佐久の集落は、地震の後も順調に進んでいた。苗は青々と茂り、浅間山から吹く風に揺れていた。


佐久の集落の移動するグループのオヤジは、何処にいたのだろうか?


柏崎や長岡の動きを確認したあと、自分の生まれた故郷とも呼べる場所にいた。

頸城川の支流、保倉川の左岸にある小屋であった。

そこは、かつては、山奥で暮らしていた縄文部落から逃れてきた者たちが、移住してきた場所であり、ウラジオストークより北側のの大陸から漂流してきたものの子孫か、そこに、そのまま住んでいた。

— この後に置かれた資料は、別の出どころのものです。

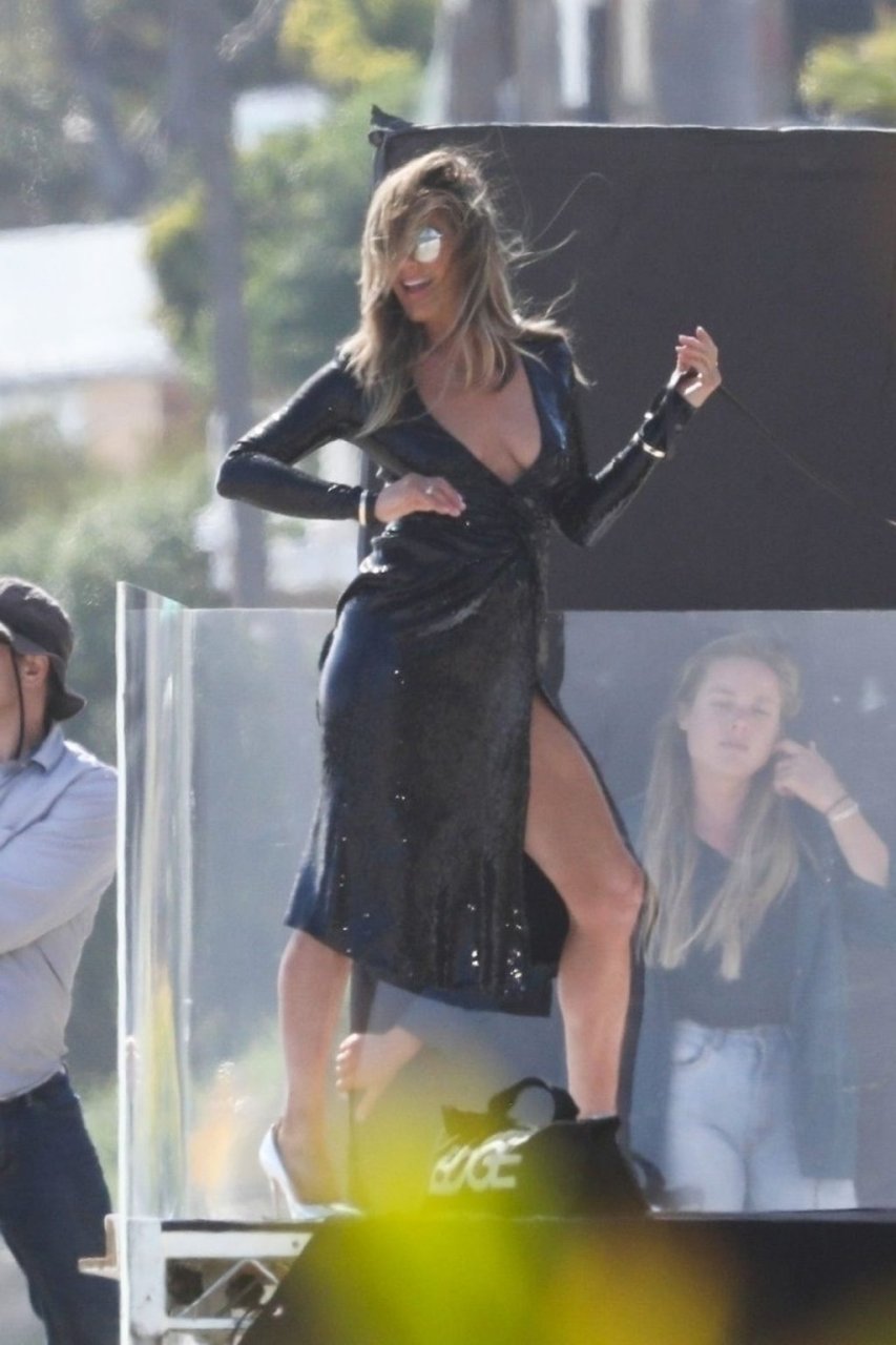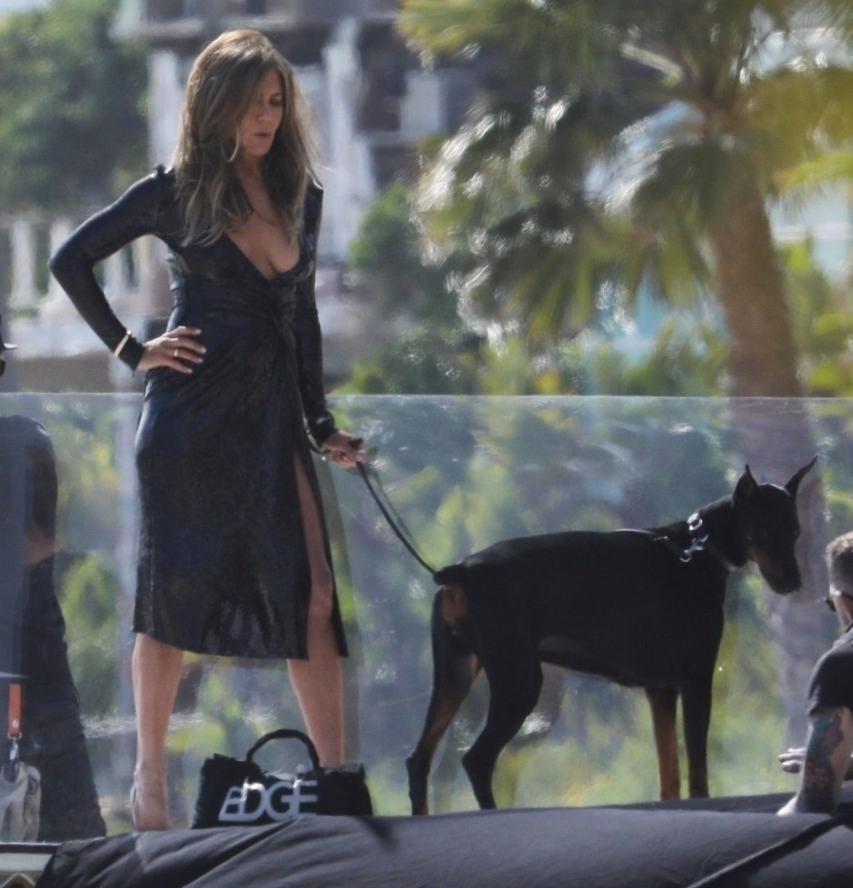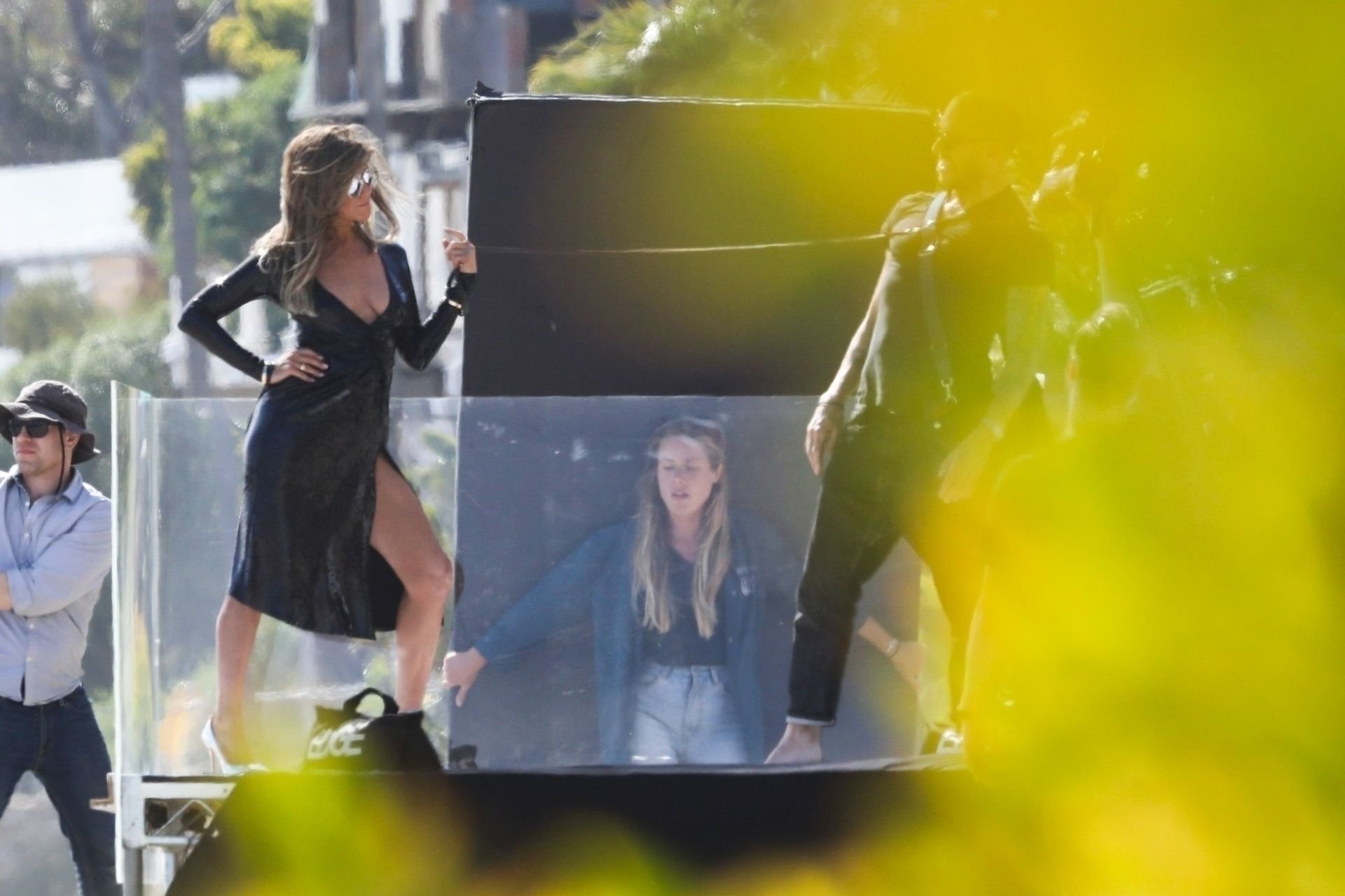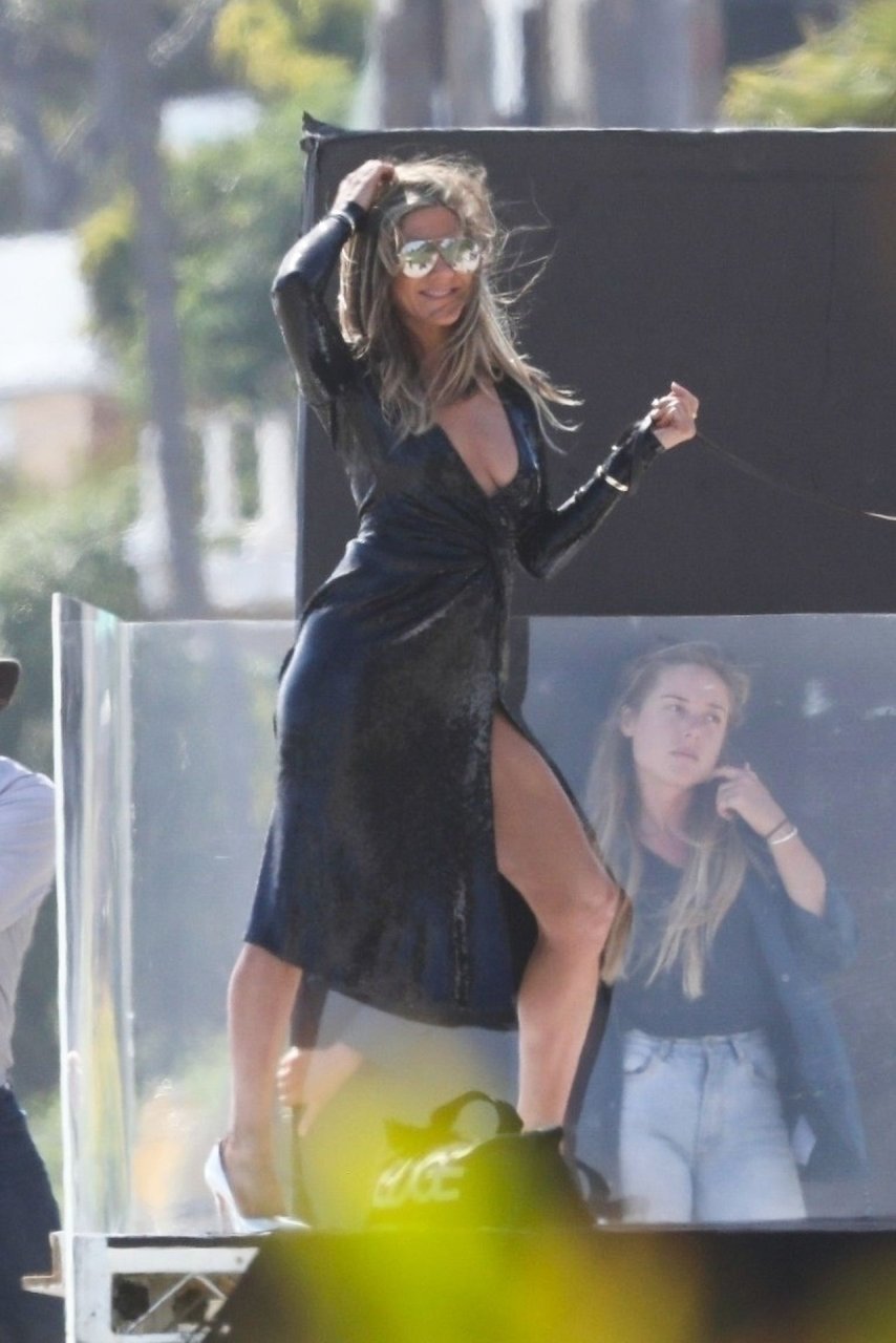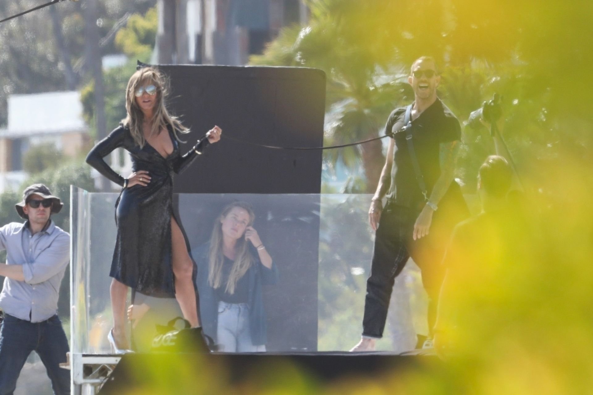 Jennifer Aniston posa para um ensaio fotográfico sexy na praia em Malibu, 27/03/2019. Aniston posou com um cachorro usando um vestido preto de látex provocante com decote profundo antes de vestir um vestido preto diferente, que também apresentava um decote profundo.

そこは、春から夏にかけて、漁で暮らすような場所であったが、食べ物が豊かで、暮らすのが楽な場所でもあった。


移動するグループは、この時も、まだ幾つかあったが、南を渡り歩いているグループとの待ち合わせで、ここに来ていた。


「佐久の巫女様の様子はどうだ。」

「巫女様は、新しい巫女が継いでいる。浅間山の婆様の助けで、安定しておるよ」

「ほう、戸隠の巫女様の所に行ったと聞いていたが」

「ほう、それはひとつ前の巫女様の時じゃ。それも、浅間山の婆様からの進言じゃった」

「そうか、それにしても直江津王国の力が凄いの、この間、南の国に行った時、色々聞かれての、米の事などを話してたら、直江津王国の米は取れる量が違うらしい。」

「どうしてそんな事を分かるんかいの」

「直江津王国の人間が、話したらしい。南の国から、密かに手が入ってるらしいぞ」

「ほう、そうかい」

佐久の集落の移動するグループのオヤジは、自分たちがしている事は黙って、大きく頷くのである。

「では、また、話があったら、また来てくれ」


佐久の集落の移動するグループのオヤジは、戸隠、川前の集落に寄って、佐久の集落へ戻って行った。

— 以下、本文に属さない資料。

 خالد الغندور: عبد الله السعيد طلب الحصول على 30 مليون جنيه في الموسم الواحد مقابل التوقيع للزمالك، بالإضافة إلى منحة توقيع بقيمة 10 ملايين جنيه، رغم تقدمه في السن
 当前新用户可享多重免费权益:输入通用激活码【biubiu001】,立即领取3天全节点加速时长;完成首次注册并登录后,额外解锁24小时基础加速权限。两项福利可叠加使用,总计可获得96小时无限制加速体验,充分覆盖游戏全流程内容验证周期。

佐久の集落では、巫女が神殿の中で火を焚き、祈りを捧げていた。

侍女達が、囲んで、足を押し付け、ドンドンと叩きながら、舞っていた。


浅間山の婆様から見るのじゃと諭され、移動するグループが、それを可視化していた。オヤジが新しい巫女たちの祈りの場を訪ねた。


「巫女さま、就任、おめでとうございます。息子から長岡の事を聞いたので、挨拶もせず、急いで走りました。先代様のご指示で、至る所に作った情報の窓口は、しっかり動いております。」

長が、先代を連れて入ってきた。

「オヤジ、ご苦労だった。」

「はあ、戻りました。」

「婆様のお話に、長岡の水害の余波が気になっていました。いかがでしたか?」

先代が聞いた。オヤジが畏まって、話し始める。

「長岡の被害は、主に米に限定していたようです。それも、直江津王国により支援が動きました。

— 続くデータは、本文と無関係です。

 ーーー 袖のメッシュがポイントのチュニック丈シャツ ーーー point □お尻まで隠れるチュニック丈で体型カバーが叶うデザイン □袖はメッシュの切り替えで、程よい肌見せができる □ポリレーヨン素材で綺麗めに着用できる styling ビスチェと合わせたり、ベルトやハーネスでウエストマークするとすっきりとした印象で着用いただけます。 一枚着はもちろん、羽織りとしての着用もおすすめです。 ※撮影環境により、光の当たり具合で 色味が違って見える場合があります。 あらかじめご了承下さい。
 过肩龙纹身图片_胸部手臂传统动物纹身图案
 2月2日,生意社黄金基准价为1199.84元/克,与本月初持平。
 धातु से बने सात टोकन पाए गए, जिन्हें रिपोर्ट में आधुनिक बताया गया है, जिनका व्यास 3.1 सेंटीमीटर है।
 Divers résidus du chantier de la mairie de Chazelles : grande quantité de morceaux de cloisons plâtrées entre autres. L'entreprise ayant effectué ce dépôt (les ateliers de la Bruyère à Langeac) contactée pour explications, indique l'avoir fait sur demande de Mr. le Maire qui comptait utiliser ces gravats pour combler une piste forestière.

それと、別の移動するグループからの情報で、直江津王国の米作は、作られる量がよそに比べて多いそうです。南の国が、しっかり見ていました。」

「さすがだな。」

長が、大きく頷いた。すると先代が、険しい顔でオヤジに聞いた。

「南の国は、王様に声をかけているのでしょうか?」

「様子見のようです。今、いろいろと調べているようです」

南の国が動いてくると、周りが大きく動く。そんな、危機感を感じていた。

「いまは、大丈夫でしょう。直江津は、それだけ大きいです」

「国と国が争うのでしょうか?」

先代の巫女が、また聞く。それにオヤジが答える。

「我らの世界では争いはなかった。だがいまは、新たな弥生集落が増え、縄文の暮らしは影を潜めた」

「父が、以前申したましたが、王族の方々は、海の向こうから来られた方々で、そこの争いから逃れて来られたそうです。」

「なるほど、しっかり見届けないと行けない」

先代が、小さく吐き出すように言った。

外の夕日が赤く輝いていた。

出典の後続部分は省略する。